Template slot filling • Each slot has many candidate fillers • Often benignly paraphrases of each other, but can emphasize different attributes • Selection is heuristic, based on proximity to trigger word and similarity of terms. • For Unilever’s purposes, acceptable to get filler wrong sometimes if the candidates can be easily substituted in the template editor. • Not yet handled properly-multiple slot fillers
Conceptual Abstracting • Joint work with Chris Paice at Lancaster University. • Paice and Jones (1993) pioneered template-based abstracting of ‘crop science’ papers. • Similar analysis to Unilever case study, leading to a template, and then a generated short informative abstract. • Major drawback is the domain-specific resource development needed.
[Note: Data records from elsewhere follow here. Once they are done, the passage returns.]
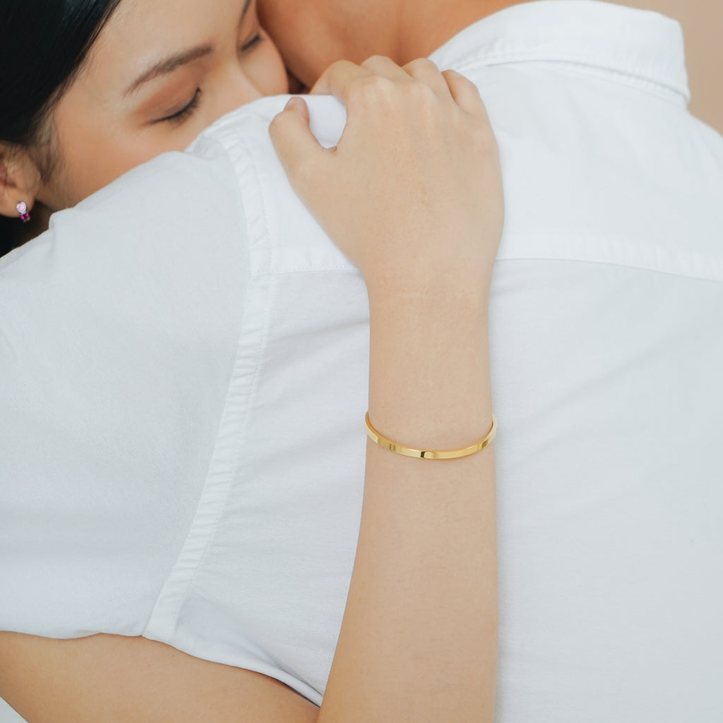 A Made Different Co Signature bangle. This keepsake bangle features a smooth and thin band that is adjustable. Manufactured for longevity to ensure that you get the best wear out of it.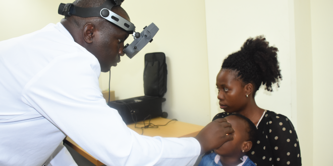 Daktari wa macho wa Hospitali ya Taifa Muhimbili-Mloganzila Geofrey Josephat akitumia kifaa maalum kumfanyia uchunguzi mtoto sehemu ya nyuma ya jicho ili kubaini kama ana tatizo. Hospitali ya Mloganzila imefanya zoezi la uchunguzi wa macho bure kwa watoto wenye umri chini ya miaka mitano ikiwa ni maadhimisho ya wiki ya saratani ya jicho kwa watoto (Retinoblastoma).
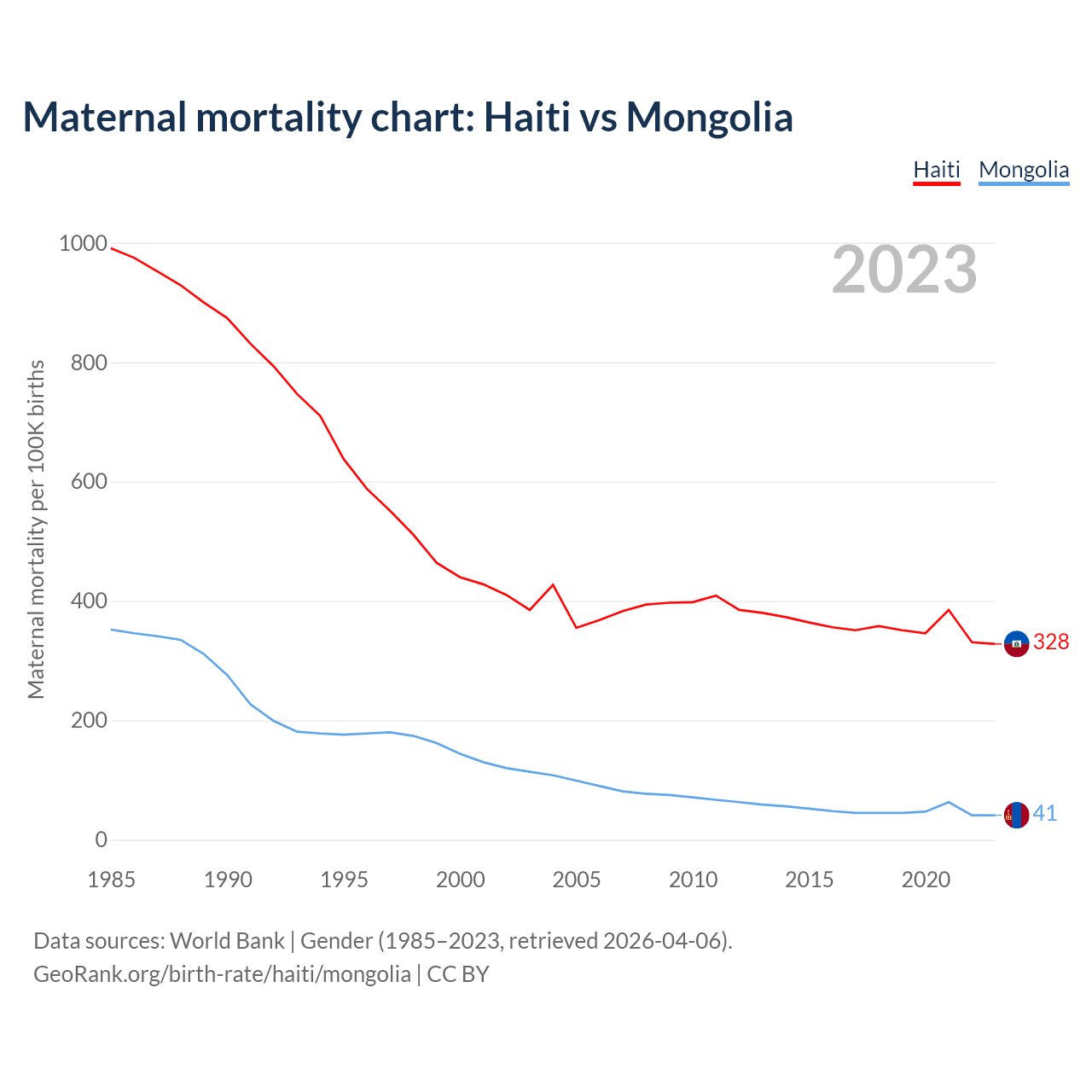 The maternal mortality rate, which is the probability of dying during childbirth or within 42 days of pregnancy termination, is 328 deaths per 100,000 live births in Haiti, compared to 41 deaths in Mongolia.
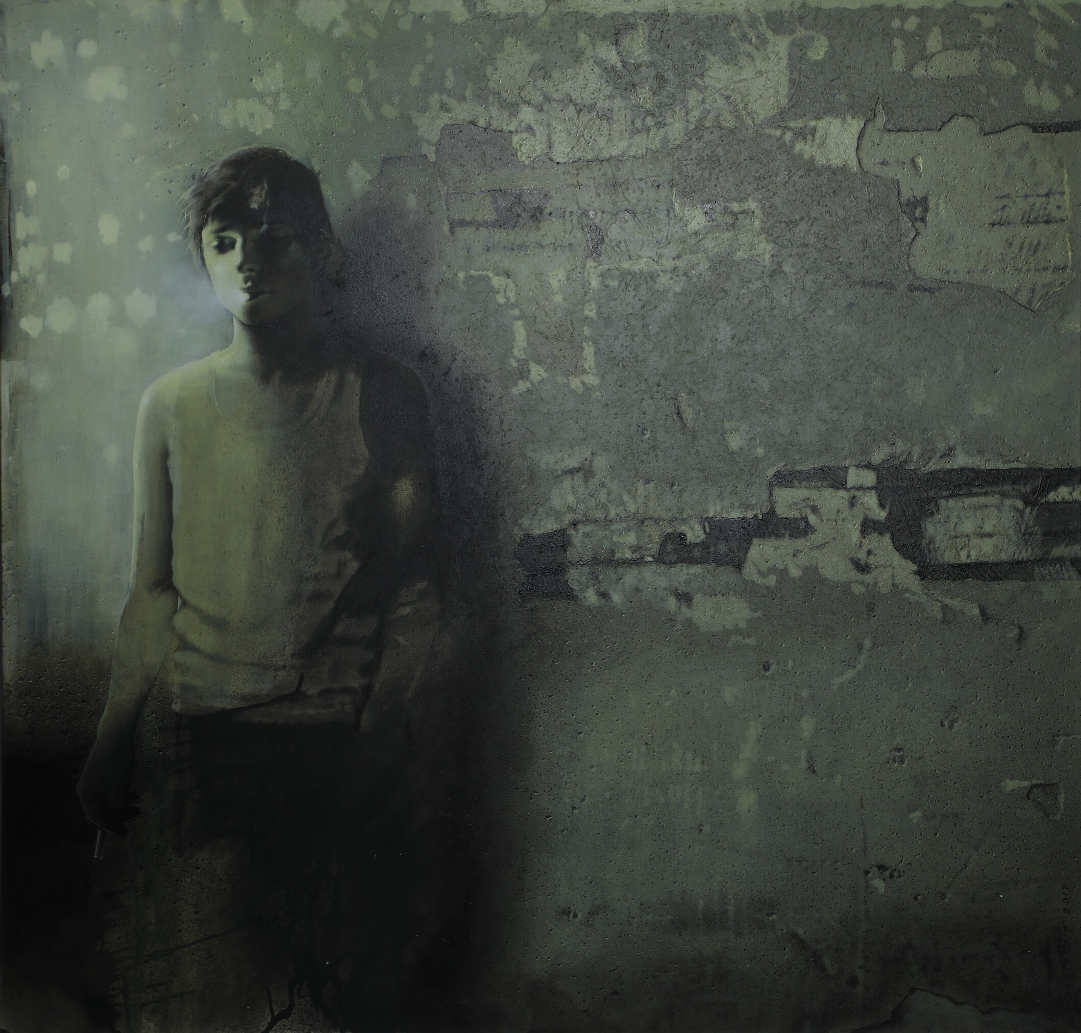 This painting by Prasenjit Sengupta portrays a young person standing against a weathered, textured wall, rendered in a muted palette of greenish-grey, brown, and soft grays. The figure, with short dark hair and a sleeveless top, is softly outlined with a slightly blurred quality, lending a dreamlike or memory-like atmosphere. Their expression is ambiguous—hovering between sadness and resignation—and their gaze is turned slightly away, evoking a deep sense of introspection. A thin wisp of smoke rises from a cigarette or similar object in their hand, further contributing to the moody, melancholic tone. The decaying background wall, with its cracks and discoloration, reinforces the themes of age, neglect, and solitude. Soft, diffused lighting adds depth and subtle shadows, enhancing the overall feeling of quiet contemplation and emotional isolation.

Ameliorating the resource bottleneck • One approach (Paice and Oakes) to develop rules by supervised machine learning • Transfers effort from rule-based analysis to corpus annotation. • Current approach (Paice and Black) to develop domain-independent extraction of causal and other key relationships expressed in scientific papers • Incorporates term discovery, ontology lookup, stemming, tagging. Implemented in Cafetiere framework.
NLP Components as Services • Stratified processing modules well-defined • Common Annotation Scheme facilitates interoperability • Each module potentially a Web service • Queuing between modules should minimize network traffic • User defines pipeline; Processing takes place on servers; Users share cached common module analyses; Users access curated data.
Conclusion • Cafetiere is a framework for the information extraction phases of text mining. • Incorporates context-sensitive partial parsing of names, terms, chunks. • Linkage to event ontology enables template slot filling and hence fact/event extraction. • Domain-specific resources (ontology, rules) can be developed for diverse domains: business, science.
Future Developments • Use corpus-trained components for phrasal analysis of bio-medical literature. • Improve rule-application engine performance. • Cluster processing to balance IE processing against more superficial processes.